The New York Times reported that fashion company Chanel released its annual results for the first time in its 108-year history. It also announced a reorganization that will bring all its various companies under one roof. At a time of heightened competition in high-end retail, the French fashion house said it had opened up its books to show that it had the size, and the willingness, to fend off any takeover approaches.

‘We realized it was time to put the facts on the table as to exactly who we are: a $10 billion company with very strong financials, plus all the means and ammunition at our disposal to remain independent,’ said CFO Philippe Blondiaux.

– According to Reuters, Bank of America’s Merrill Lynch unit admitted to misleading brokerage customers about which firms processed their trades and agreed to pay a $42 million fine under a settlement with the SEC. The settlement follows a similar agreement with the New York attorney general in a related probe nearly three months ago, under which Merrill Lynch also admitted to wrongdoing and agreed to pay a $42 million fine.

The SEC said Merrill Lynch engaged in a scheme known as ‘masking’ – including the alteration of trade confirmations – to deceive customers into thinking it was processing their trades in-house, making its trading services appear more active and sophisticated, and reducing the fees it would pay to exchanges.

Bank of America referred to a statement it made on March 23 about the New York settlement, when it said: ‘At all times we met our obligation to deliver the best prices to clients. About five years ago, we addressed the issues concerning communicating to clients about where their trades were executed.’

– The Federal Trade Commission’s new chair, Joseph Simons, is promising active antitrust enforcement across industries as well as scrutiny of big technology platforms, according to the WSJ. Simons said his message to the business community is to expect vigorous enforcement. ‘That’s the key thing. That’s the mantra,’ he said, adding: ‘We want to go after cases that matter.’

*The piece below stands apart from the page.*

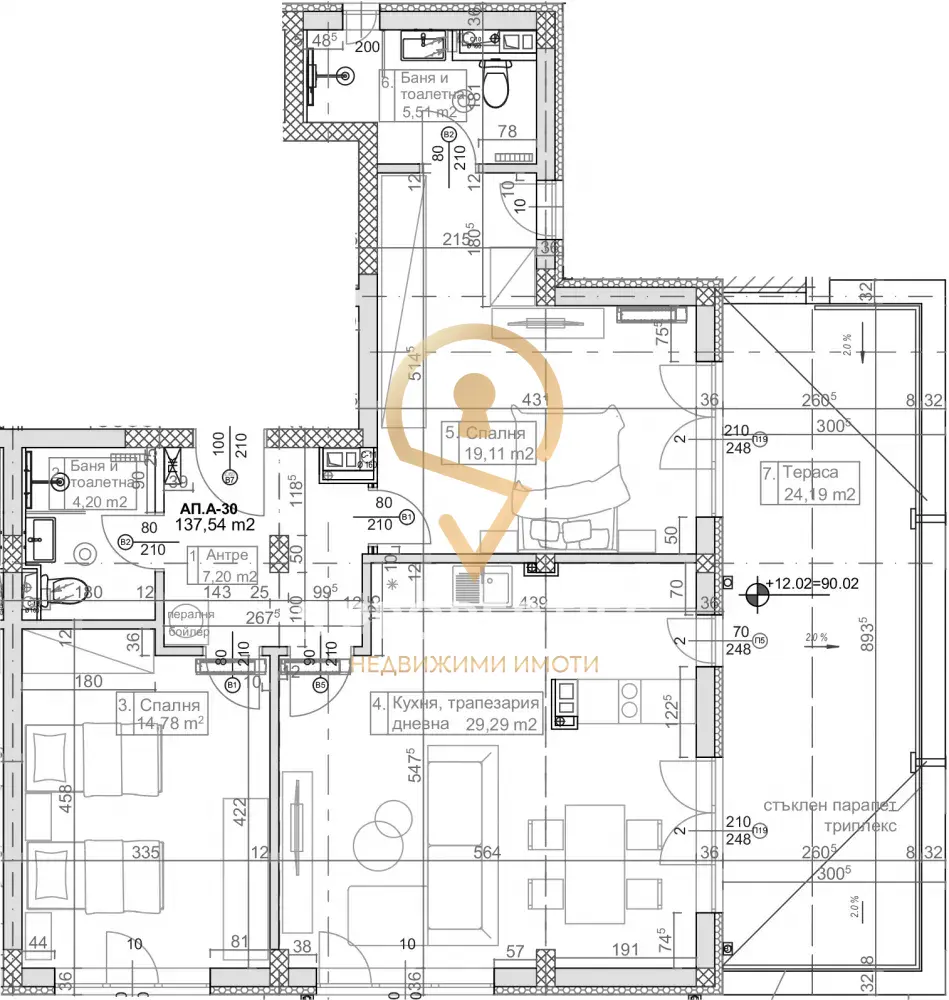 Жилището се състои от дневна с кухня 29кв.м, спалня 19кв.м със собствена баня, спалня 15кв.м, баня с тоалет и тераса-градина 24кв.м.

– The WSJ reported that, according to an analysis of corporate filings by ISS Analytics, women in the first five months of 2018 accounted for 248 – or 31 percent – of new board directors at the country’s 3,000 biggest publicly traded companies. That is the highest percentage in at least a decade and puts 2018 on track to be a record year for new female board members.

Companies haven’t put women into leadership roles in the boardroom at the same rate, however. Although women occupy 18 percent of board seats at the 3,000 biggest companies, just 10 percent of lead independent directors are women and only 4 percent of boards are led by a woman, according to the ISS data.

Large investors such as State Street Global Advisors and BlackRock are calling for companies to diversify their boards and, in some cases, voting against certain directors at firms with all-male boards.

Reuters reported that the 35 largest US banks are preparing to put more money toward dividends, share buybacks and business investments after clearing the first stage of their annual regulatory stress tests. Although the banks would suffer $578 billion in total losses in the Federal Reserve’s most severe scenario to date, their level of high-quality capital would be greater than the threshold regulators demand.

– AmTrust Financial Services said shareholders approved its plan to be taken private by two New York families and a private equity firm, according to the WSJ. The bid was initially challenged by activist investor Carl Icahn, who said the first deal was ‘happening at the wrong price at the wrong time.’ Earlier this month, however, Icahn agreed to support the deal when the buyers increased the offer to $2.95 billion.